The Williams Family Papers contain the diaries, correspondence and a small number of miscellaneous paper of Quaker teachers who lived in Mississippi and Texas in the post-Civil War Period. The diaries, 1869 and 1871-1873, of Edward Williams include accounts of removing to the South to teach freedmen and his December 1871 meeting with American Indian chiefs who were incarcerated in the penitentiary in Huntsville, Texas. The correspondence, largely to family in Ohio, describe daily life and schools.
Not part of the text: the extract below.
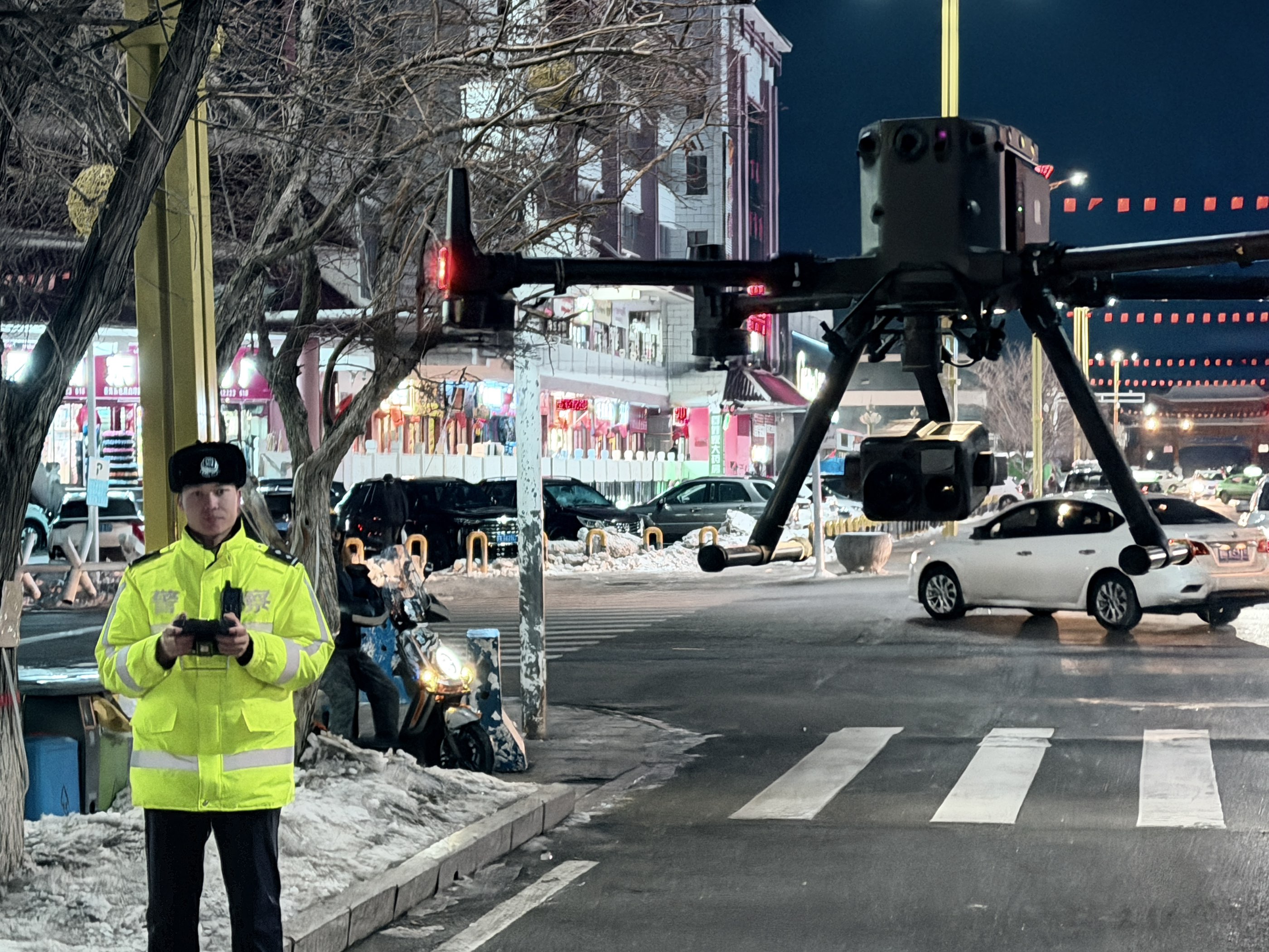 吉木乃县公安局交通管理大队民警无人机执法小组定点值守,操控设备升空开展全域巡查,对违停、闯红灯、逆行、不礼让行人、不戴安全头盔等违法行为进行精准抓拍取证。

By 1874, the letters reflect increasing financial and social pressures as the new structure for public school cut pay to teachers and limited free education to age 14. By 1876, Edward Williams wrote that their situation and that of African Americans in Texas were "surrounded by uncertainties." The papers are organized in three groups: Journals, Correspondence, and Miscellaneous Papers.

Limitations on Accessing the Collection

Collection is open for research.

Biographical / Historical

Edward Williams, son of Richard and Sarah Williams, and his wife, Sarah, were members of Upper Springfield Monthly Meeting, Columbiana Co., Ohio. Edward was born 2 month 5, 1821, and died 9 month 2, 1894. Sarah was the daughter of James B. and Sarah Bruff and born 8 month 27, 1823, and died 10 month 11, 1882. They were married under Upper Springfield Monthly Meeting in 1849, and their daughter Sarah was born in 1850. In the 1863 Separation of Orthodox Friends, Edward and Hannah affiliated with the Wilburites. Edward Williams was a member of the Ohio Yearly Meeting Freedmen's Committee which provided clothing for formerly enslaved people and sent teachers to the south to start schools. In late 1867, Edward Williams removed to Jackson, Mississippi, which was also the location of a penitentiary, and his wife soon joined him. When their service was extended, their daughter Sarah joined them. The original intention had been to find a married couple to be in charge of the Teachers' Home with the Williams family staying until another couple could replace them. However, their mission in the South continued for many years with only visits to their families in Ohio.

By 1870 the family was in Huntsville, Texas, on a mission to educate formerly enslaved people during the era of the controversial Freedmen's Bureau in Texas. The family lived in a rural area outside town, and Hannah wrote to her mother with description that they "seldom see any white people to converse with." The final letter in the collection, written by Edward Williams to his mother in 1876, reflects the increasing tension and violence in Texas as well as the lack of financial support for the newly centralized public schools and growing objection to the education of African Americans.

The family returned to Ohio. Edward and Hannah were released from membership in Upper Springfield Monthly Meeting in 1881, but the following year requested to be restored. Both are buried at Upper Springfield. Sarah, their daughter, left the Wilburite meeting in 1889, but was returned to membership in 1898. A year later she married Abraham Maris, a member of Upper Springfield Monthly Meeting, Gurneyite.